[[ DATA SUPPLIED, beginning ]]
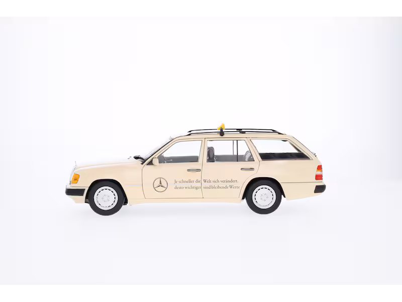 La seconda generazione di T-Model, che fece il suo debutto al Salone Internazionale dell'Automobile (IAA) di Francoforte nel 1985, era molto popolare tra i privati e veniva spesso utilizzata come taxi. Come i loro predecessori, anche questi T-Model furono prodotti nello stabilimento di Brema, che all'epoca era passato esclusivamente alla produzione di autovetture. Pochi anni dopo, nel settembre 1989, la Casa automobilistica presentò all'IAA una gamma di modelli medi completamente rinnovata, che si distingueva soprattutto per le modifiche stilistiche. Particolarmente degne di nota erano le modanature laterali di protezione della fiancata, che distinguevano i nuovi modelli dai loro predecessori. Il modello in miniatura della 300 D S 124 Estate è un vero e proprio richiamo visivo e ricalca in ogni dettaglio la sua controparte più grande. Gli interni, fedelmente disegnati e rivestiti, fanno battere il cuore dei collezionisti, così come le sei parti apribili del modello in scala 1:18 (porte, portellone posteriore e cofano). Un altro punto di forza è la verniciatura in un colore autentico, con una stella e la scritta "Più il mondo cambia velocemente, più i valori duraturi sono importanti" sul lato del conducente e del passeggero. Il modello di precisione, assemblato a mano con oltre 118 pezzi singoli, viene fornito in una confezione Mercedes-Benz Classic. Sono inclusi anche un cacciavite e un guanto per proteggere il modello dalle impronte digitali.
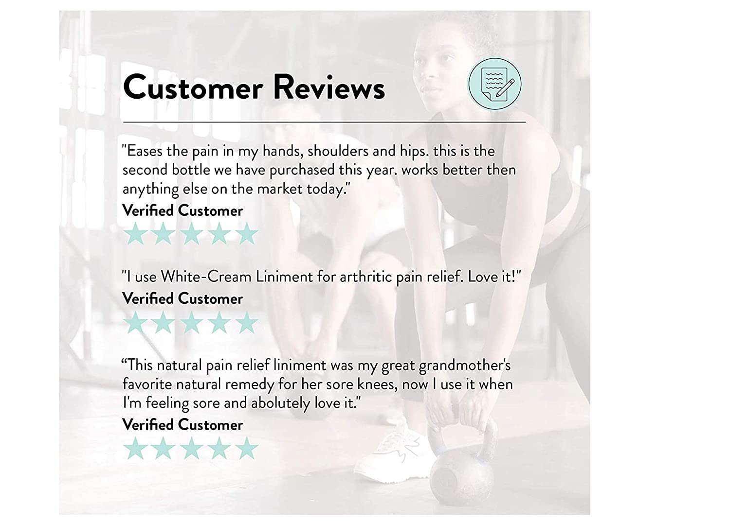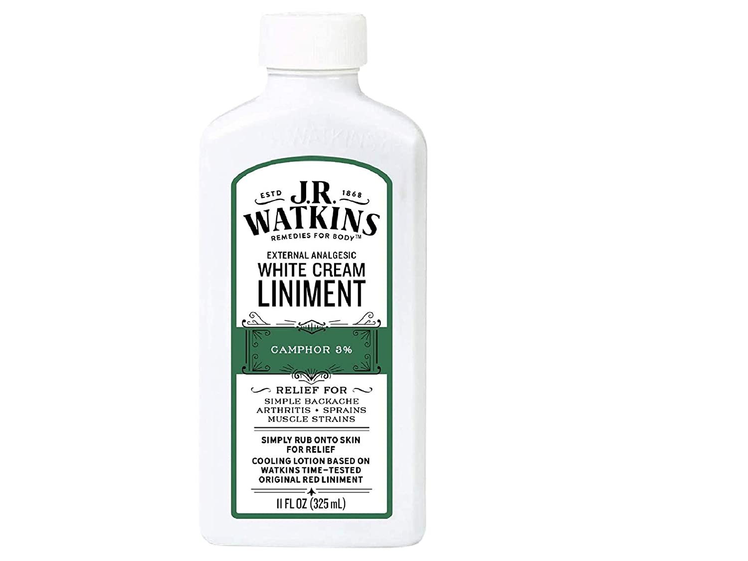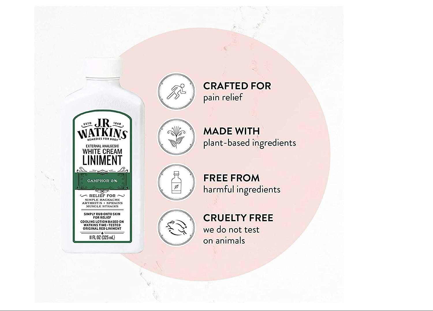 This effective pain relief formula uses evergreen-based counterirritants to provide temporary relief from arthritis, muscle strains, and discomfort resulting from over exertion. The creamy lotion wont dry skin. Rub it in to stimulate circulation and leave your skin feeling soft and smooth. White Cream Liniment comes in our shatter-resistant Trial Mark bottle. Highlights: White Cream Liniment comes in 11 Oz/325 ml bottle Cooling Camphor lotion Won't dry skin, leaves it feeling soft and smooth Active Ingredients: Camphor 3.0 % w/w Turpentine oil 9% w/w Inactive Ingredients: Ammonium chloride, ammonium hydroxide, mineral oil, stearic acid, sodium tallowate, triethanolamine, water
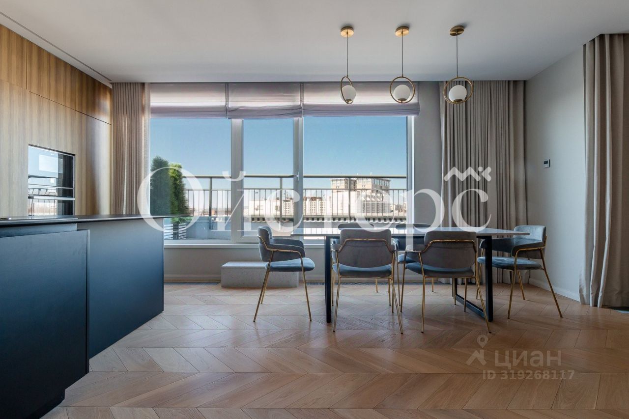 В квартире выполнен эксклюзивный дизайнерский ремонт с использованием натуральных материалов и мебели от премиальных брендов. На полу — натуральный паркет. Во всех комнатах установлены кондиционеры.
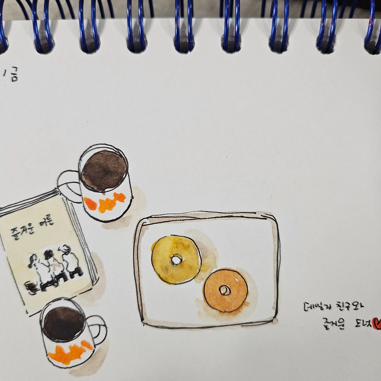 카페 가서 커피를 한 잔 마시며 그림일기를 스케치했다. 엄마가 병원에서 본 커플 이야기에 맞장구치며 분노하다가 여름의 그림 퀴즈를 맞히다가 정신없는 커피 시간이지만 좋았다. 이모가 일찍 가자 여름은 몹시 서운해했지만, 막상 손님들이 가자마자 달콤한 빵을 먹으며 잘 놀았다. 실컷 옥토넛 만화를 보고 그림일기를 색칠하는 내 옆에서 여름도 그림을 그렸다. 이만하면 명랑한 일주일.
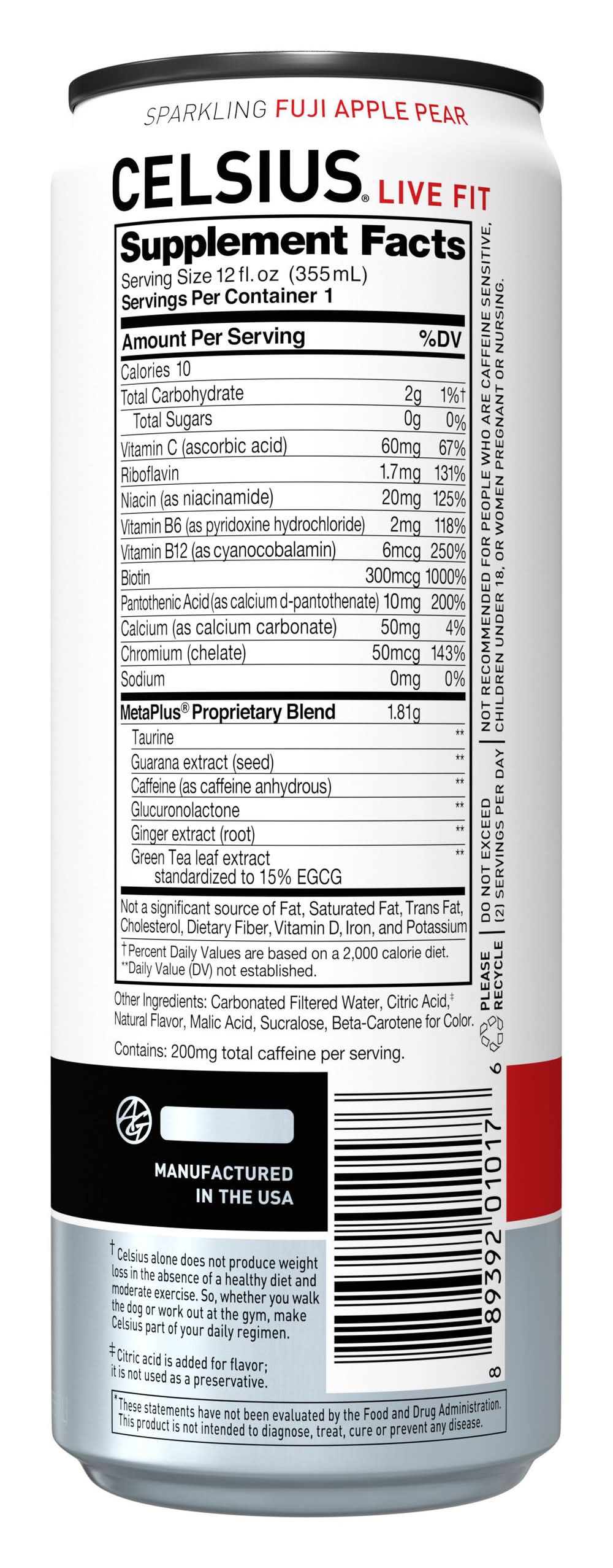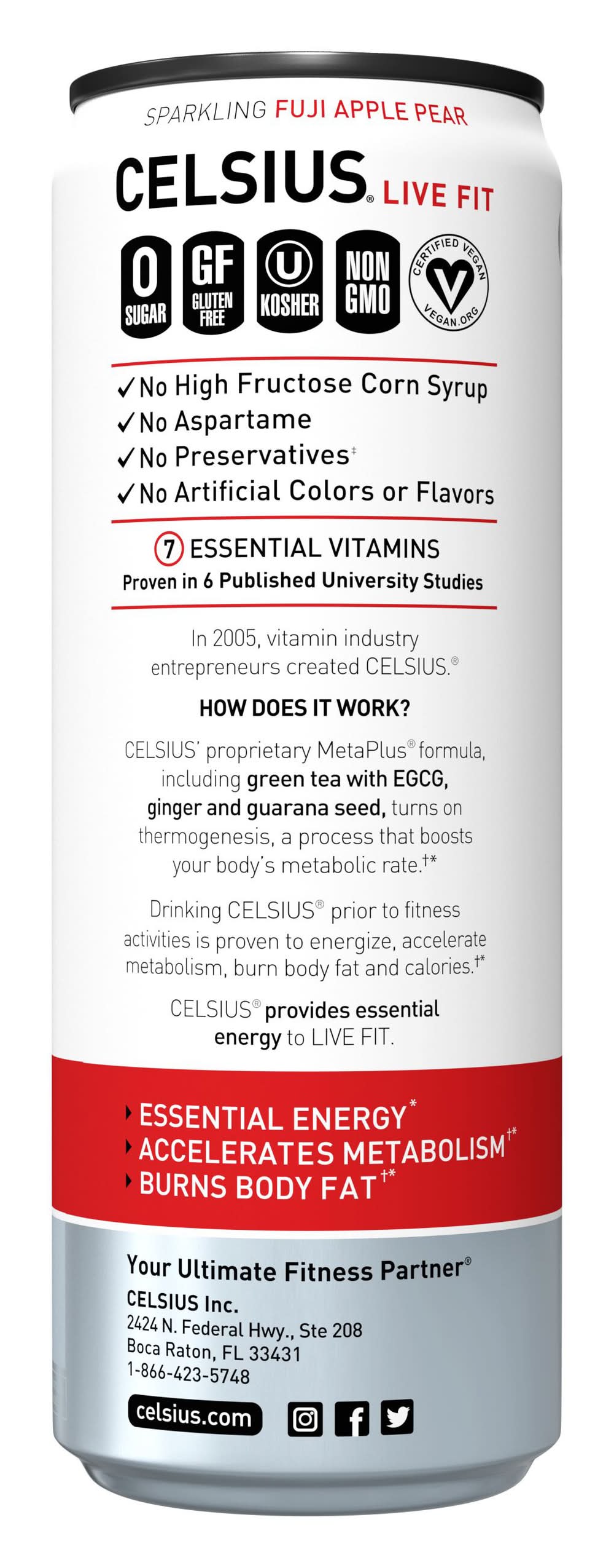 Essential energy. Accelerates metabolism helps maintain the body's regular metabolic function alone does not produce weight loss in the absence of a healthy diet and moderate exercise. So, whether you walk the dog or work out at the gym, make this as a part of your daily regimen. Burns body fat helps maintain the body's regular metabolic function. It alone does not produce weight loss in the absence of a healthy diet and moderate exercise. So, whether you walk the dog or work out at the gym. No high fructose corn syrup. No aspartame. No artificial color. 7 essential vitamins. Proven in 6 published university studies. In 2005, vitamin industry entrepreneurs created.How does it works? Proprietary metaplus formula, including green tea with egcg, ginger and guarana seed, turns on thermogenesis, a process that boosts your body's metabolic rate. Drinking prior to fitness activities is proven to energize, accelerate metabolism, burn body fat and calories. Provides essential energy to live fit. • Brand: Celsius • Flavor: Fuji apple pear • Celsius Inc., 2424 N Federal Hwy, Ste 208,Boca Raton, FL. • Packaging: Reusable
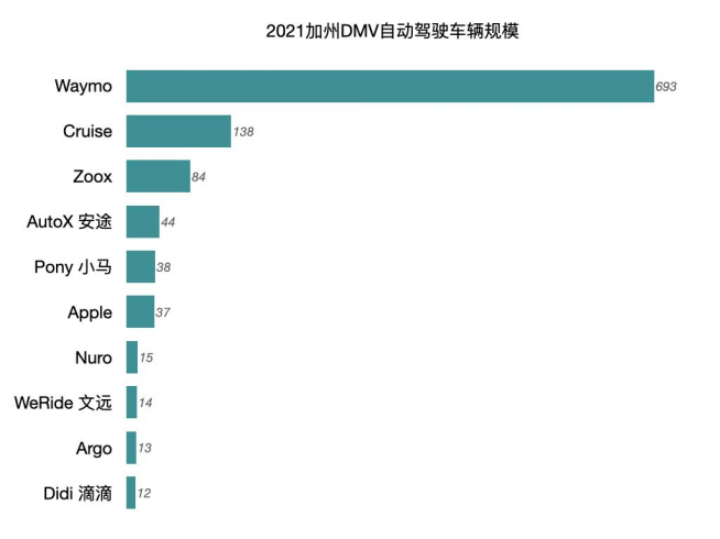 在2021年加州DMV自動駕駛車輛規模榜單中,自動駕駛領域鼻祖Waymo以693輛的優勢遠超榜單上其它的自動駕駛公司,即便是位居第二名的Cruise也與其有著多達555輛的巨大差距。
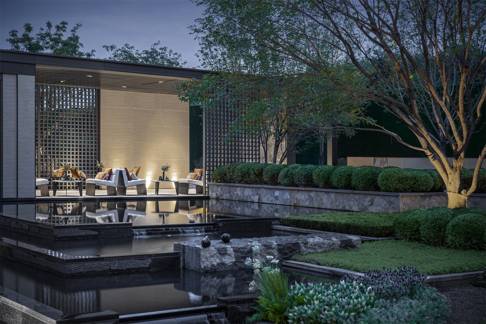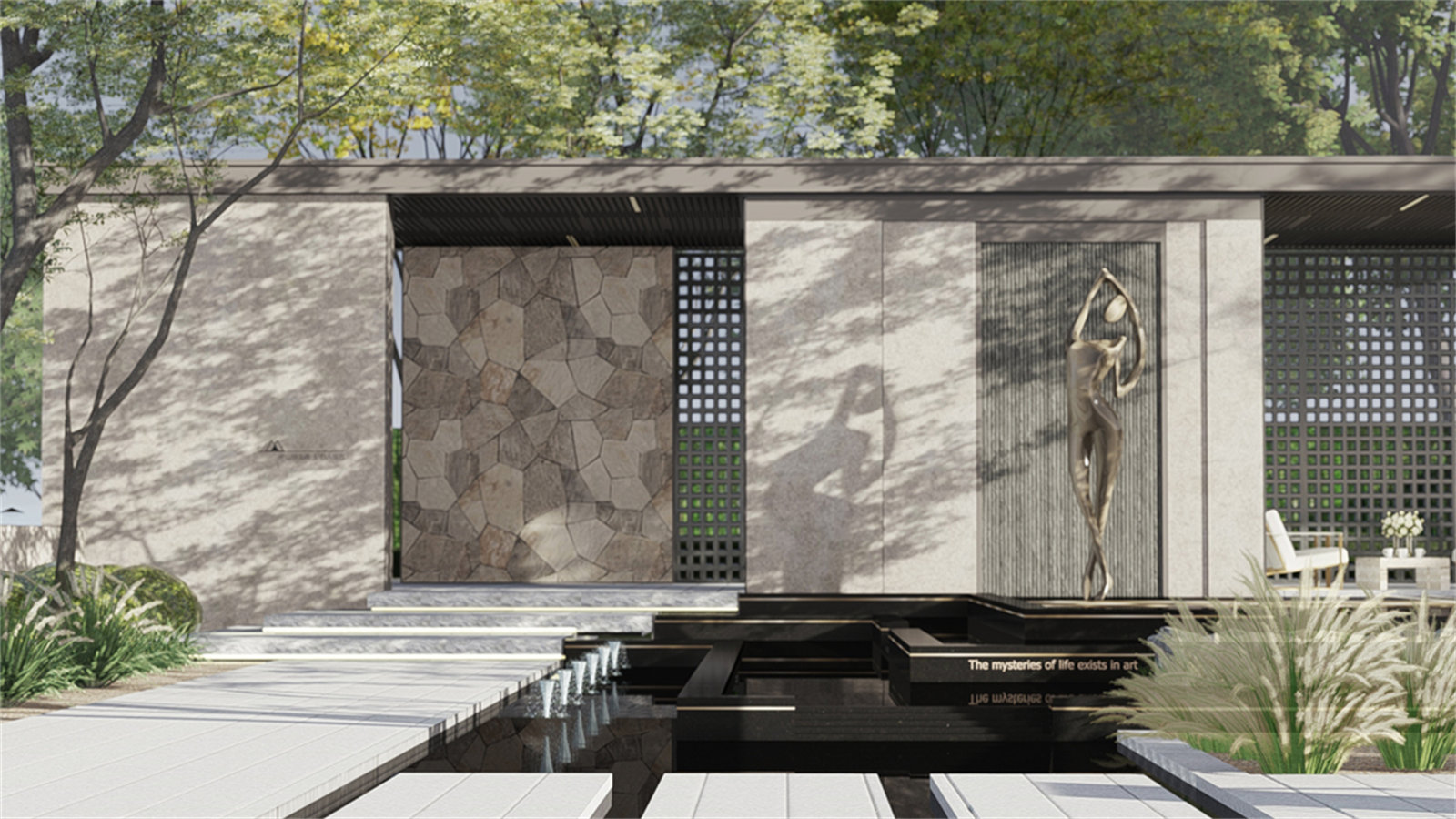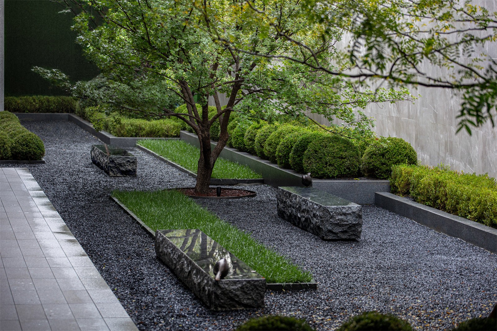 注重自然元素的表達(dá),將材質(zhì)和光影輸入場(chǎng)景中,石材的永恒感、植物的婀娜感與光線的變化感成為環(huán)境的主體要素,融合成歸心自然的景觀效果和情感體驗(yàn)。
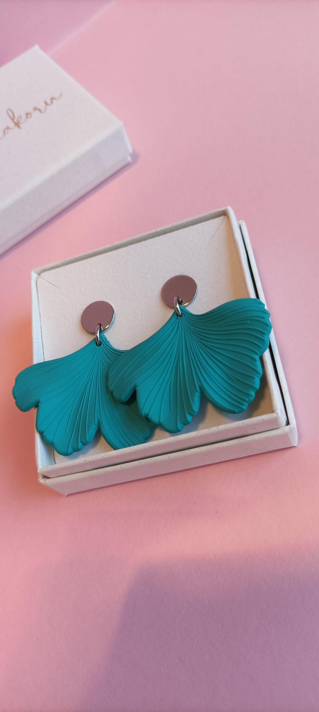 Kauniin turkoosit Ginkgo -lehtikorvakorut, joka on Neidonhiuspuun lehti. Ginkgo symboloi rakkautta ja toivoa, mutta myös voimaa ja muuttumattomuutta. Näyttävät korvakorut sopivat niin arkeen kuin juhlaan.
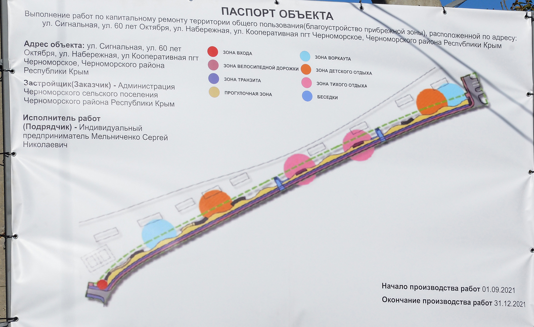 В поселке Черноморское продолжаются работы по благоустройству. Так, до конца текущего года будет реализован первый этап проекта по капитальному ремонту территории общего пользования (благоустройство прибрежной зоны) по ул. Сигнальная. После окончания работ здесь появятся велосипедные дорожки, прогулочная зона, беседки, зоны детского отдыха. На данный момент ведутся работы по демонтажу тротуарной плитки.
[[ DATA SUPPLIED, end ]]
• TASK PROMPT:
Each line above that falls between the line with "В квартире выполнен" and the line with "카페 가서 커피를 한" should be printed exactly, together with those two lines, but the pictures should not.

• COMPLETED EXERCISE:
 В квартире выполнен эксклюзивный дизайнерский ремонт с использованием натуральных материалов и мебели от премиальных брендов. На полу — натуральный паркет. Во всех комнатах установлены кондиционеры.
 카페 가서 커피를 한 잔 마시며 그림일기를 스케치했다. 엄마가 병원에서 본 커플 이야기에 맞장구치며 분노하다가 여름의 그림 퀴즈를 맞히다가 정신없는 커피 시간이지만 좋았다. 이모가 일찍 가자 여름은 몹시 서운해했지만, 막상 손님들이 가자마자 달콤한 빵을 먹으며 잘 놀았다. 실컷 옥토넛 만화를 보고 그림일기를 색칠하는 내 옆에서 여름도 그림을 그렸다. 이만하면 명랑한 일주일.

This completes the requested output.